Please set down every entry again exactly as it stands, without the pictures.

Stored records:

_ _ _

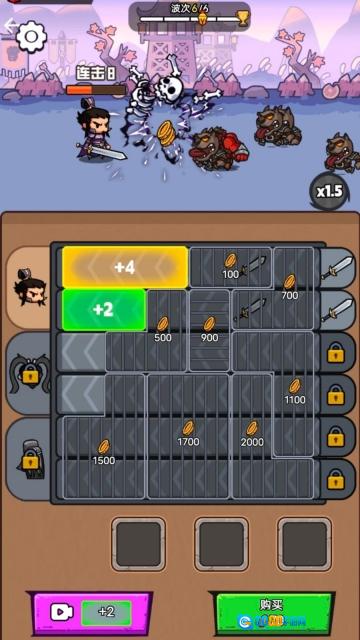 1. 角色会自动发起战斗攻击敌人,玩家可消耗金币购买武器并放置到传送带上,这些武器能对英雄的攻击起到强化作用。
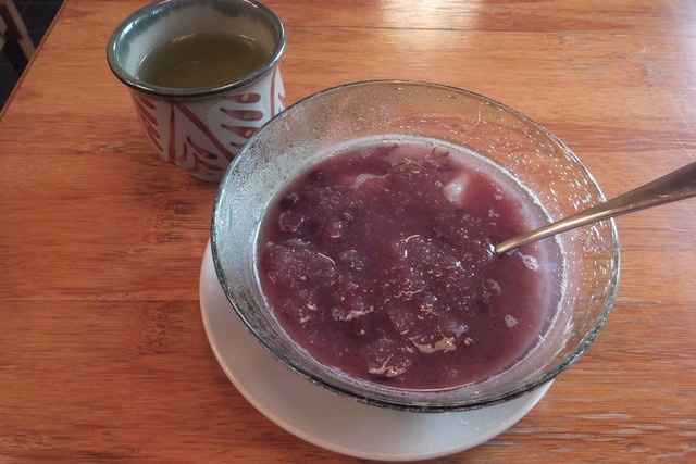 梅雨入りするかしないかの空模様でしたが暑かったので、まずは「氷ぜんざい」を注文。
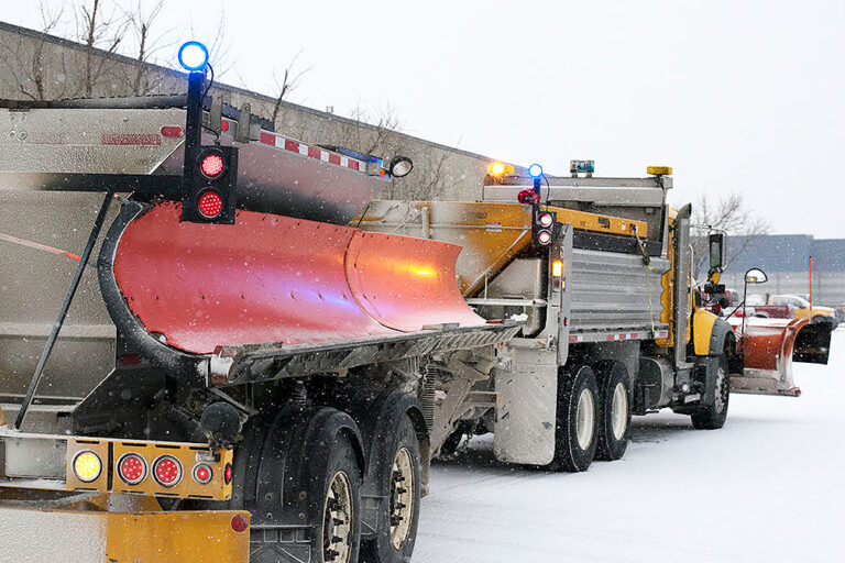 - Give plows room to work. WYDOT’s plow trucks have amber, red and blue flashing lights mounted on top of the cab, on the back of the sanders and a light on the wing plow. Snowplows are huge machines capable of moving tons of snow every minute. Like all vehicles, plows have blind spots; for safety, avoid following too closely.
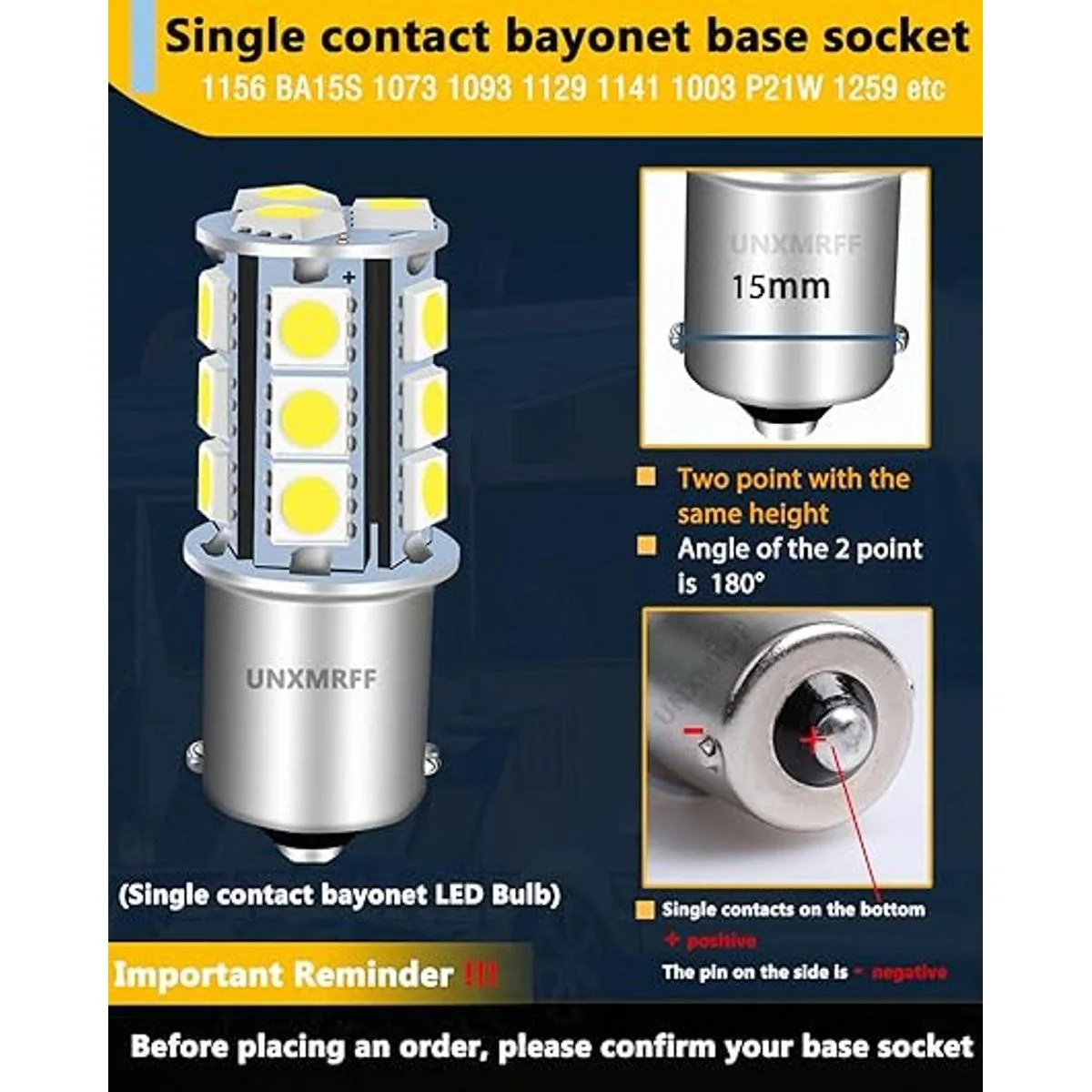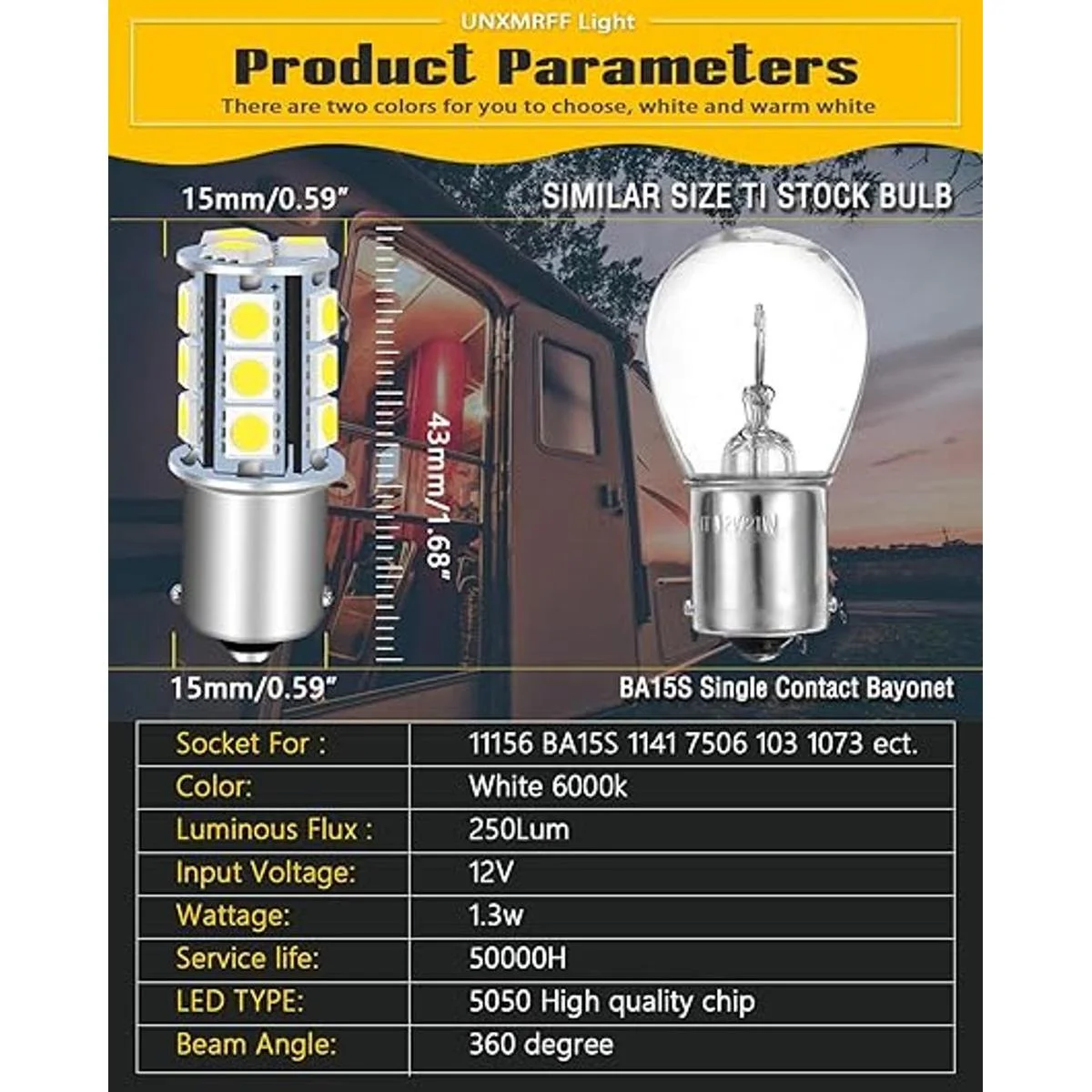 Amplia aplicación: foco LED BA15S comúnmente utilizado para bombillas de caravana, bombillas de luz de caravana, bombillas de luz LED 1141, luces de marcha atrás, luces de estacionamiento, luces de giro, luces de remolque, lancha, casa rodante, motocicleta y coche, tractor de césped, etc.
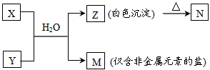 (4)由表中元素形成的常见物质X、Y、Z、M、N存在以下转化关系:
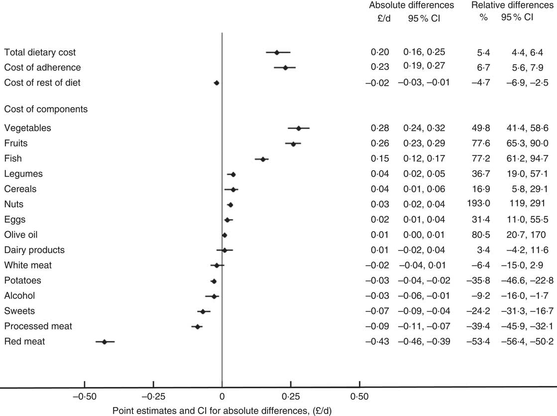 Figure 1 Absolute and relative differences in cost of total diet and dietary components comparing high (top third) and low adherence (bottom third) to the Mediterranean diet in the Fenland Study. Point estimates and CI shown are for absolute differences. All estimates based on single imputed dataset, after confirming no difference in β-coefficients between single and multiple (ten) imputations. Cost of adherence refers to total cost for all components included in the score of adherence to the Mediterranean diet (i.e. sum of dietary components listed); cost of rest of diet refers to any food items not included in the adherence score.
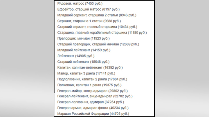 Базовые ставки окладов по воинскому званию. Скриншот с сайта voensud-mo.ru
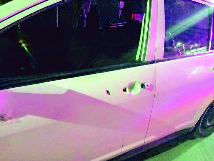 Los uniformados tuvieron a la vista un Nissan Tiida con placas de circulación del estado y presenta un impacto al parecer calibre 9mm, a la altura de la puerta del conductor. Este vehículo está en calidad de abandonado; en el interior no encontraron rastro de sangre o algún tipo de arma. Fue puesto a disposición del Ministerio Público del Fuero Común, por algún hecho delictivo en el cual pudo haberse inmiscuido. EL ORBE / Roberto Corado Mosqueda
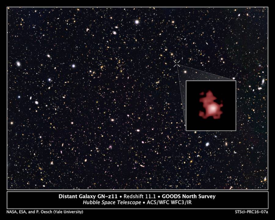 Галактика GN-z11, показанная на вставке, видна в прошлом на 13,4 млрд лет, всего через 400 млн лет после Большого взрыва, когда возраст Вселенной составлял всего 3% от ее нынешнего возраста. Учитывая расширение Вселенной, сейчас на деле она находится в 32 млрд световых лет от нас
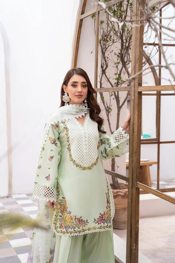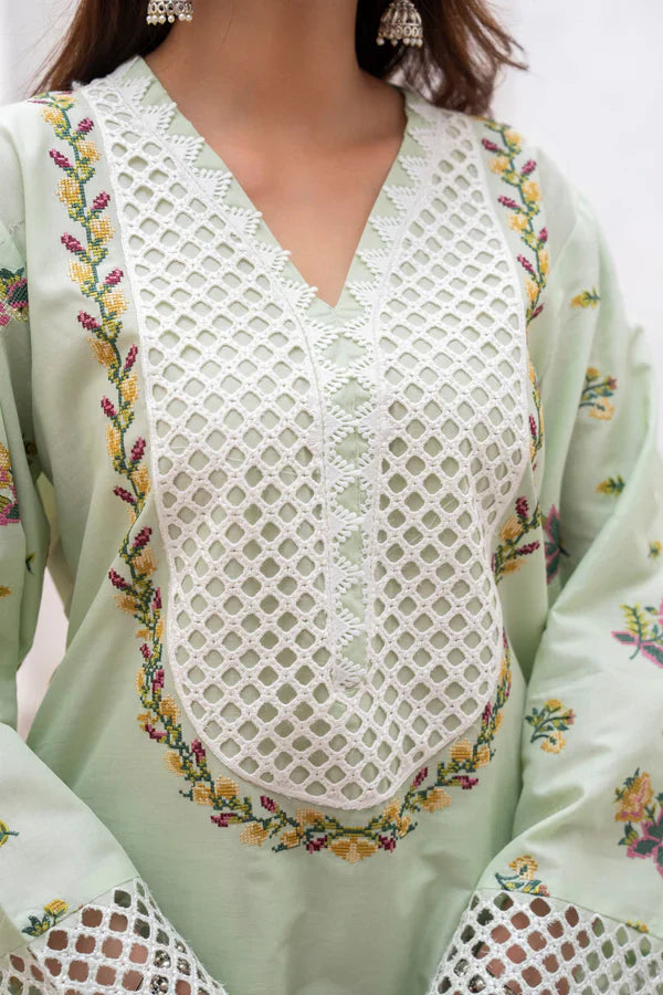 Pistachio Glow is a fresh twist on tradition with a short shirt featuring cross-stitch embroidery, a rounded border, and 3D lace at the neckline. A digital-printed Monark dupatta trimmed in milky lace floats like a summer breeze, while a Farshi shalwar—beautifully embroidered—grounds the look in effortless charm. Wear it when you want cool, contemporary flair.
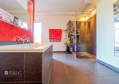 Eine breite begehbare Dusche, eine Wanne und zwei Waschtische bilden Ihren Wellness-Bereich.
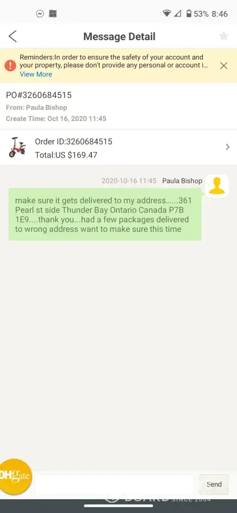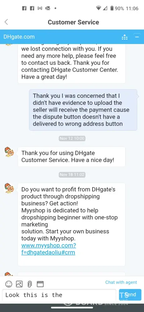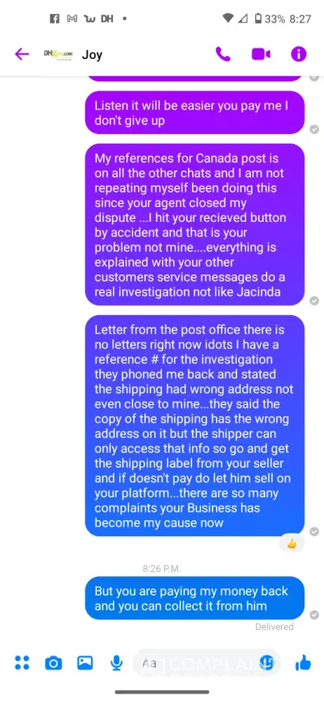 So pissed do not order from them ever and please share so no one you know gets ripped off... I think they might be doing this on purpose I found so many complaints on the same kind of issues as mine... Shame on dhgate we are in a pandemic definitely not a time to rip people off I been dealing with customer service since my delivery man didn't show up contacted canada post they did an investigation reference #138198954... They called me back an the agent said they sent some back to the wrong address to try to receive bit but no answer, the shipping label had wrong address not even my st... I want to contact customer service right away I hit received item by accident so I told the I pushed received but didn't mean too so I opened a dispute and explained all of this over and over and over again all my conversations are screenshots below... I am also tired of hearing to contact the seller how they closed the store as soon as I receive my tracking number...In my eyes your platform your responsibility to protect your customers... Don't ever buy from dhgate you regret it
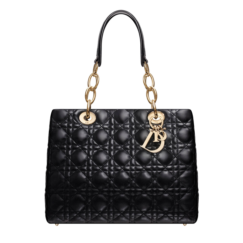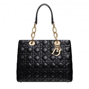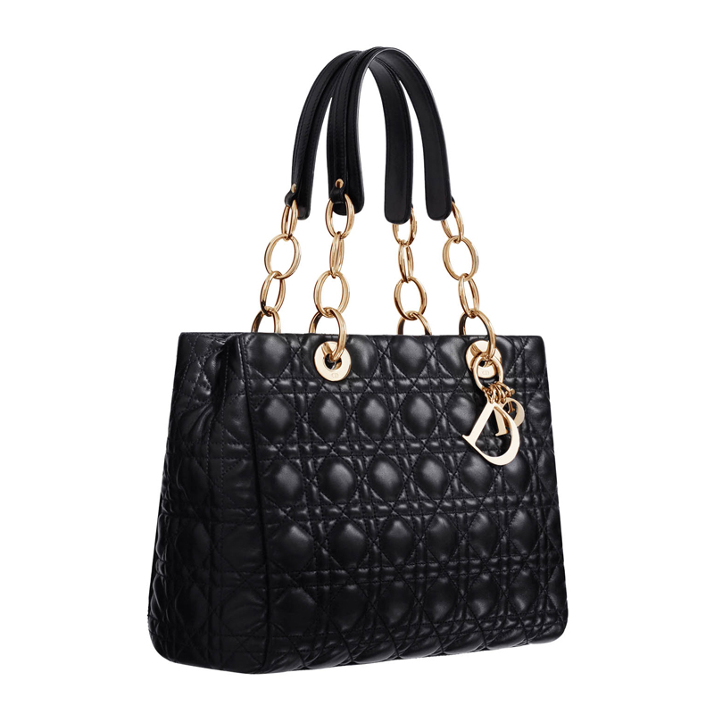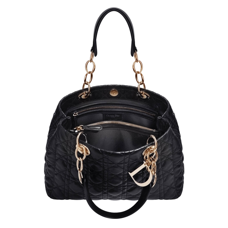 - This black lambskin bag is adorned with 'Cannage' stitching that lends suppleness to the leather. Its handles that intertwine leather and pale gold-tone metal chains allow it to be worn on the shoulder.
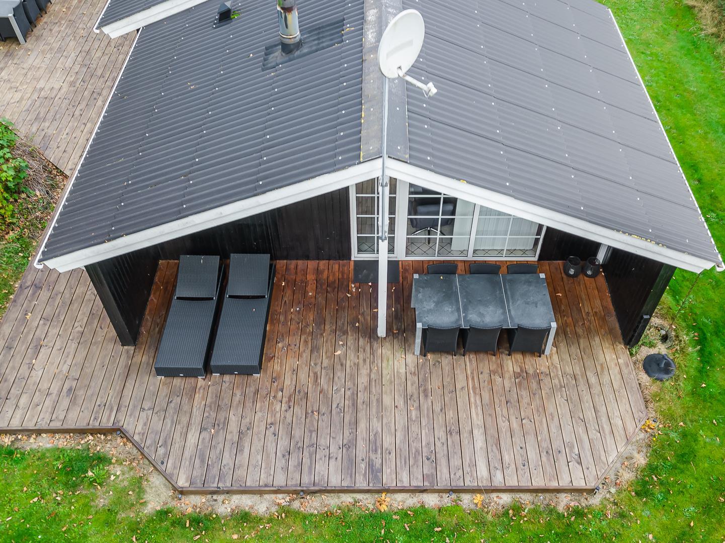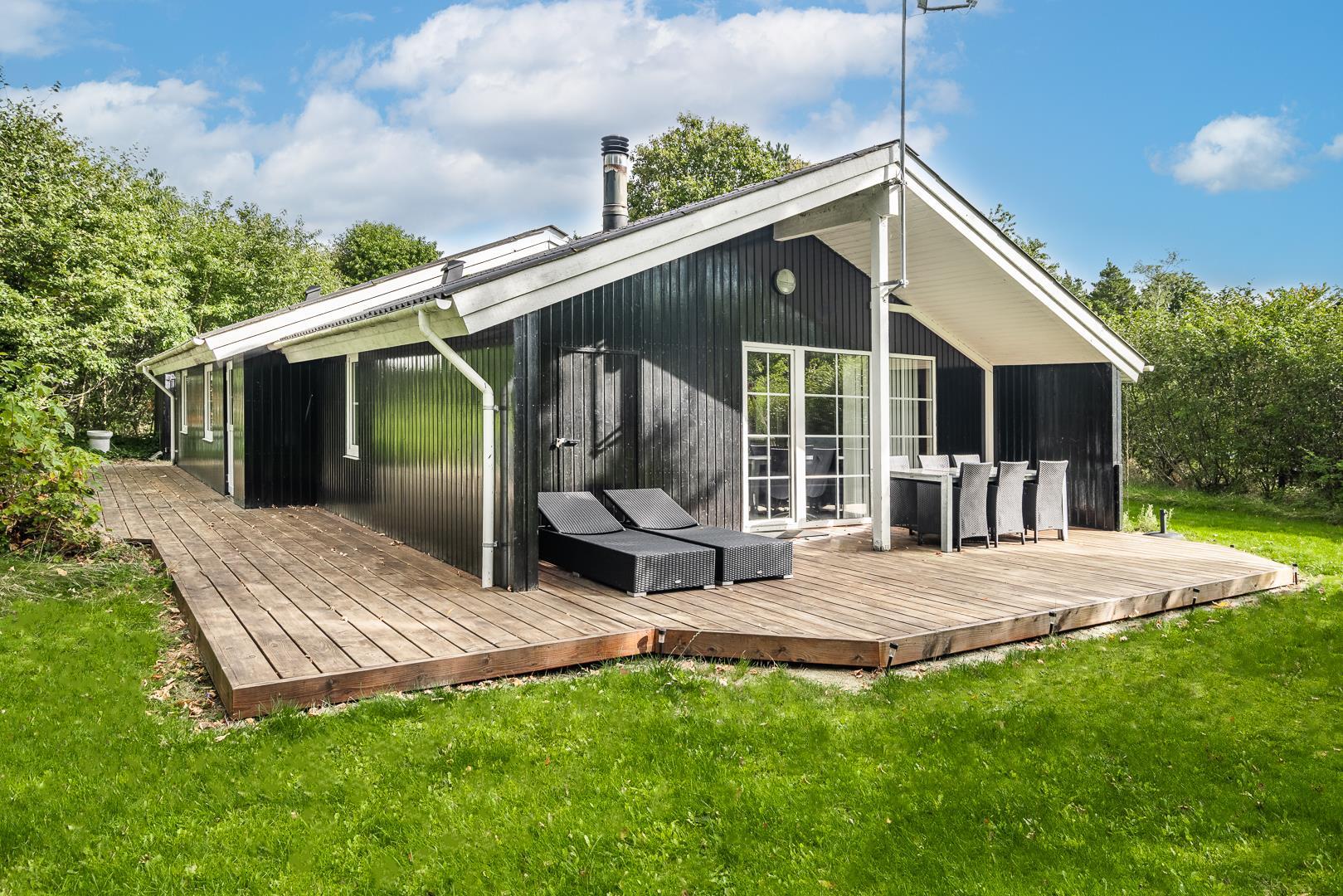 Udelivet er en vigtig del af ferien – og her er rammerne helt rigtige. Den overdækkede terrasse ligger i direkte forlængelse af huset og indbyder til morgenkaffe i læ, lange grillaftener og afslappede stunder i den friske vestjyske luft. Selv når vejret viser sig fra sin mere typiske danske side, kan du sidde tørt og nyde naturen omkring dig.
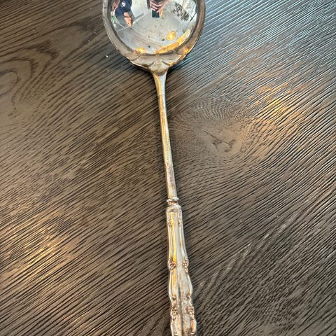 Ske ikke ægte sølv .ca. 20 cm lang. Bud modtages.

_ _ _

Answer space
 1. 角色会自动发起战斗攻击敌人,玩家可消耗金币购买武器并放置到传送带上,这些武器能对英雄的攻击起到强化作用。
 梅雨入りするかしないかの空模様でしたが暑かったので、まずは「氷ぜんざい」を注文。
 - Give plows room to work. WYDOT’s plow trucks have amber, red and blue flashing lights mounted on top of the cab, on the back of the sanders and a light on the wing plow. Snowplows are huge machines capable of moving tons of snow every minute. Like all vehicles, plows have blind spots; for safety, avoid following too closely.
 Amplia aplicación: foco LED BA15S comúnmente utilizado para bombillas de caravana, bombillas de luz de caravana, bombillas de luz LED 1141, luces de marcha atrás, luces de estacionamiento, luces de giro, luces de remolque, lancha, casa rodante, motocicleta y coche, tractor de césped, etc.
 (4)由表中元素形成的常见物质X、Y、Z、M、N存在以下转化关系:
 Figure 1 Absolute and relative differences in cost of total diet and dietary components comparing high (top third) and low adherence (bottom third) to the Mediterranean diet in the Fenland Study. Point estimates and CI shown are for absolute differences. All estimates based on single imputed dataset, after confirming no difference in β-coefficients between single and multiple (ten) imputations. Cost of adherence refers to total cost for all components included in the score of adherence to the Mediterranean diet (i.e. sum of dietary components listed); cost of rest of diet refers to any food items not included in the adherence score.
 Базовые ставки окладов по воинскому званию. Скриншот с сайта voensud-mo.ru
 Los uniformados tuvieron a la vista un Nissan Tiida con placas de circulación del estado y presenta un impacto al parecer calibre 9mm, a la altura de la puerta del conductor. Este vehículo está en calidad de abandonado; en el interior no encontraron rastro de sangre o algún tipo de arma. Fue puesto a disposición del Ministerio Público del Fuero Común, por algún hecho delictivo en el cual pudo haberse inmiscuido. EL ORBE / Roberto Corado Mosqueda
 Галактика GN-z11, показанная на вставке, видна в прошлом на 13,4 млрд лет, всего через 400 млн лет после Большого взрыва, когда возраст Вселенной составлял всего 3% от ее нынешнего возраста. Учитывая расширение Вселенной, сейчас на деле она находится в 32 млрд световых лет от нас
 Pistachio Glow is a fresh twist on tradition with a short shirt featuring cross-stitch embroidery, a rounded border, and 3D lace at the neckline. A digital-printed Monark dupatta trimmed in milky lace floats like a summer breeze, while a Farshi shalwar—beautifully embroidered—grounds the look in effortless charm. Wear it when you want cool, contemporary flair.
 Eine breite begehbare Dusche, eine Wanne und zwei Waschtische bilden Ihren Wellness-Bereich.
 So pissed do not order from them ever and please share so no one you know gets ripped off... I think they might be doing this on purpose I found so many complaints on the same kind of issues as mine... Shame on dhgate we are in a pandemic definitely not a time to rip people off I been dealing with customer service since my delivery man didn't show up contacted canada post they did an investigation reference #138198954... They called me back an the agent said they sent some back to the wrong address to try to receive bit but no answer, the shipping label had wrong address not even my st... I want to contact customer service right away I hit received item by accident so I told the I pushed received but didn't mean too so I opened a dispute and explained all of this over and over and over again all my conversations are screenshots below... I am also tired of hearing to contact the seller how they closed the store as soon as I receive my tracking number...In my eyes your platform your responsibility to protect your customers... Don't ever buy from dhgate you regret it
 - This black lambskin bag is adorned with 'Cannage' stitching that lends suppleness to the leather. Its handles that intertwine leather and pale gold-tone metal chains allow it to be worn on the shoulder.
 Udelivet er en vigtig del af ferien – og her er rammerne helt rigtige. Den overdækkede terrasse ligger i direkte forlængelse af huset og indbyder til morgenkaffe i læ, lange grillaftener og afslappede stunder i den friske vestjyske luft. Selv når vejret viser sig fra sin mere typiske danske side, kan du sidde tørt og nyde naturen omkring dig.
 Ske ikke ægte sølv .ca. 20 cm lang. Bud modtages.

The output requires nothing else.